— Мы отражаем жизнь… мы отражаем жизнь… — раздавалось шипение.
«Однако где же жизнь? то есть как же они видят жизнь?» — подумал Иван Иванович.
В этой мутной воде, сплошь покрытой пузырями, было очень мало похожего на жизнь, если не считать тех дурных чувств, мыслей и речей, которые испускали из себя пузыри. Было много беззубого шипения, было много поползновения и потуг изобразить из себя что-то большее пузыря, но это оканчивалось одинаково грустно. Раздавался краткий «пшик!» — и на месте бытия пузыря оставалась морщина, быстро исчезавшая с поверхности воды…
Ивану Ивановичу стало как-то неловко.
— Однако… надо им сказать! Да, надо… Надо сказать так: «Господа! Вы все вне жизни! Берегитесь! Ибо она строго накажет! Вы, собравшись в этой трясине, обманываете себя, думая, что живёте… К жизни, господа, к жизни! Бросим раздоры и — к жизни!..» Н-да, если я это скажу — все обратят на меня внимание! Я сразу поднимусь всех выше!
Иван Иванович стал надуваться, чтобы найти в себе достаточно духа для подвига, и, надувшись, как мог, он вдруг громко сказал:
— Господа! Вот я…
Но тотчас же лопнул…
…И проснулся.
Он прежде всего ощупал руками — тут ли, под ним ли рецензии о нём?
И, когда они приятно зашуршали под его пальцами, он почувствовал, что всё обстоит благополучно, и подумал про себя:
«Глупый сон… Невероятно нелепый сон… Фу!»

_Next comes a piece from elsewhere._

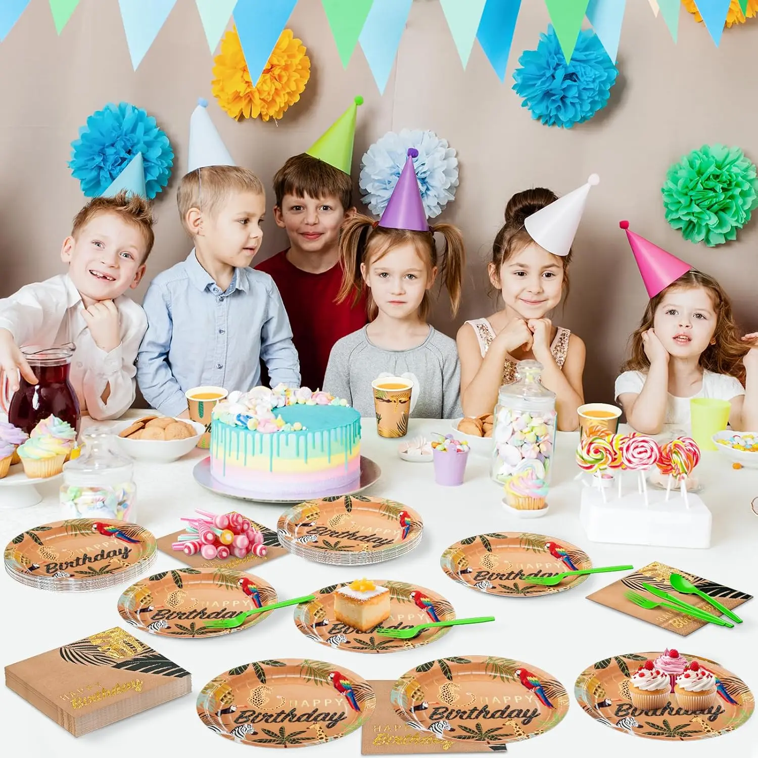 Customized Original Jungle Birthday Party Tableware Set Disposable Paper Plates And Cups T Animals Tableware Decorations

Но всё-таки, когда он закрыл глаза, ему стало казаться, что вся комната полным-полна воздушных мутных пузырей, они мятутся в воздухе и бесшумно лопаются…
Это видение не помешало Ивану Ивановичу крепко заснуть.
В провинциальных городах все интеллигентные люди друг друга знают, давно уже выболтались друг пред другом, и, когда в среду их вступает новое лицо, оно вносит с собою вполне естественное оживление. На первых порах ему рады, с ним носятся; более или менее осторожно ощупывают — нет ли в нем чего-либо особенного, при этом иногда немножко царапают его. Затем, если человек легко поддается определению, его определяют каким-нибудь словцом, и — дело сделано. Новое лицо входит в круг местных интересов и становится своим человеком, а если местные интересы не охватят его, оно будет скучать от одиночества и, может быть, запьет, сопьется с круга, — никто ему в этом не помешает.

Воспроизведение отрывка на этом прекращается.